The men spend their days together as if they’re known one another since childhood.  In April, they traveled back to the place they never thought they’d visit again, where Greenbaum liberated Gross, just moments before he would have died.

Greenbaum said, “Because in 10 years we’ll all be gone.  There will be no liberators, no survivors left and we need to tell our story.”

The men shared their story at Dachau Concentration Camp for the 70th anniversary of its liberation.

Gross said, “The whole trip to the memorial shouldn’t have taken more than an hour.  It took us from 10:30 to 3:00, because we were stopped by so many different kinds of people.”

Greenbaum said, “It was rewarding, because I got closure of it.  I won’t go back, but I’m glad I went back.”

The men will cherish the trip, getting closure and helping others feel the same way.

Gross said, “I met another survivor, his name was Joshua.  And he told me he’s also liberated in Dachau and I asked him would you like to meet somebody who liberated you?  When I introduced him to Don Greenbaum, he kneeled down and told him you’re my God.”

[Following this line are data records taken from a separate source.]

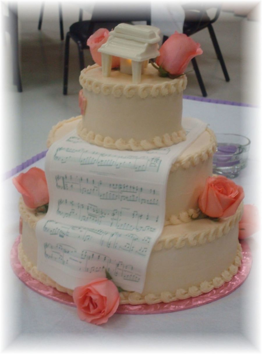 Yellow cake with white chocolate piano, fondant sheet music.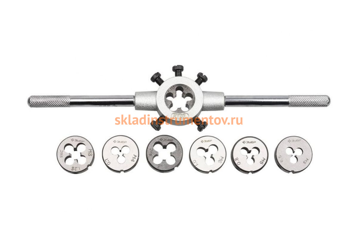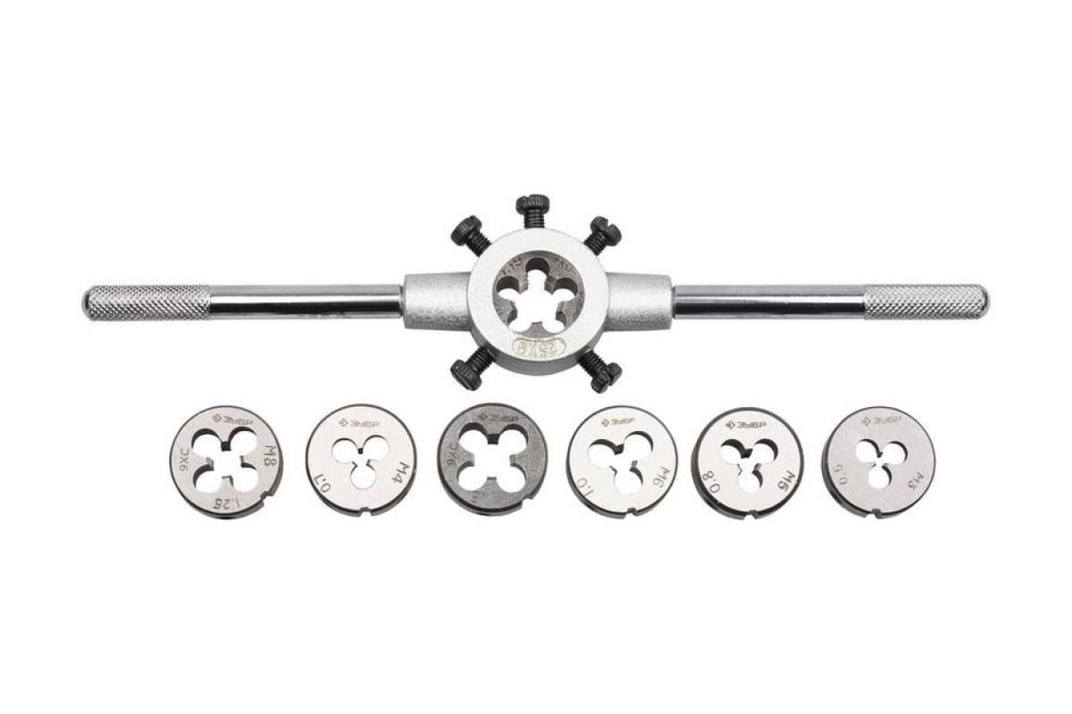 Набор с металлорежущим инструментом 28128-H8 Зубр включает в себя плашкодержатель и плашки различного размера, которые используются при выполнения метрической внешней резьбы в заготовках. Инструмент подходит для работ по таким материалам, как сталь, цветные металлы и т.д. Материал приспособлений сталь высокого качества, предназначенная специально для изготовления подобного инструмента и отличающаяся стойкостью к высоким температурам и ударным нагрузкам. Для удобства использования плашкодержатель оснащен стопорным винтом, а на его ручках имеются насечки.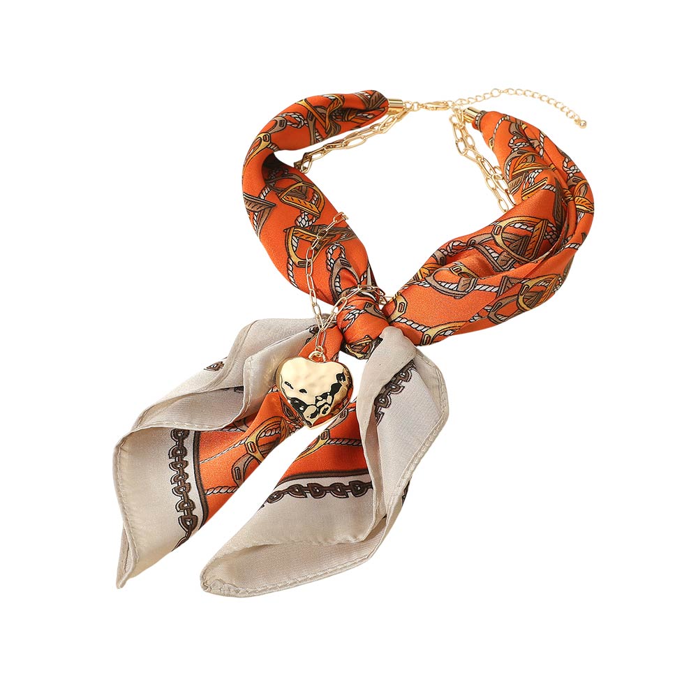 • This chain detail scarf necklace blends a soft draped scarf with a linked accent and heart charm for a refined statement look. Designed to wear as a necklace, it adds effortless polish to casual and dressy outfits, making it a versatile accessory for everyday styling and elevated fashion collections.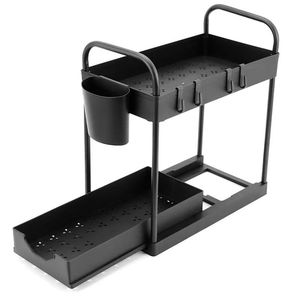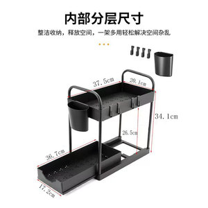 跨境家用调料架扶手双层可抽拉式厨房置物架带挂钩桌面收纳架子

Gross and Greenbaum continue speaking to the public.  They hope they’ll enlighten at least one more person.

Greenbaum said, “Go home and tell your parents what you heard tonight. Or tell parents, go home and tell your kids what you heard.  If one parent goes home and tell his kid, it’s worth it to me to give me speech.”

Although the men won’t be able to share their stories in person forever, they believe their fate serves a lifelong purpose.

Gross said, “I’m trying to teach the students and grown-ups that it’s important to love each other because by hating doesn’t solve the problem.  Just makes you turn to crime, violence and murder.”